» Directions for this task
The material below contains a line with "友達の作品を見ながら、これは" and a line with "Juste avant l’appareillage, en". Copy exactly those two lines and all lines between them.

» Data extracts
+ + + + +
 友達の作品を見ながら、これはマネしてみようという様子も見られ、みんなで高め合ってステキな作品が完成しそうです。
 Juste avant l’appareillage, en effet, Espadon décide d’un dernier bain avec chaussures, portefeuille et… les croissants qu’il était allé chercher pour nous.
+ + + + +
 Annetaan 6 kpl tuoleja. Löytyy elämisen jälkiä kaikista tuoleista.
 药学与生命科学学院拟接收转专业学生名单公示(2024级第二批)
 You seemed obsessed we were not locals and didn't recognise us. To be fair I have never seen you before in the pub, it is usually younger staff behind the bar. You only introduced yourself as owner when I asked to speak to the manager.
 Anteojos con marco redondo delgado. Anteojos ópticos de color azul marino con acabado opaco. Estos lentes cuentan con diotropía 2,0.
+ + + + +
» Output of the task
 友達の作品を見ながら、これはマネしてみようという様子も見られ、みんなで高め合ってステキな作品が完成しそうです。
 Juste avant l’appareillage, en effet, Espadon décide d’un dernier bain avec chaussures, portefeuille et… les croissants qu’il était allé chercher pour nous.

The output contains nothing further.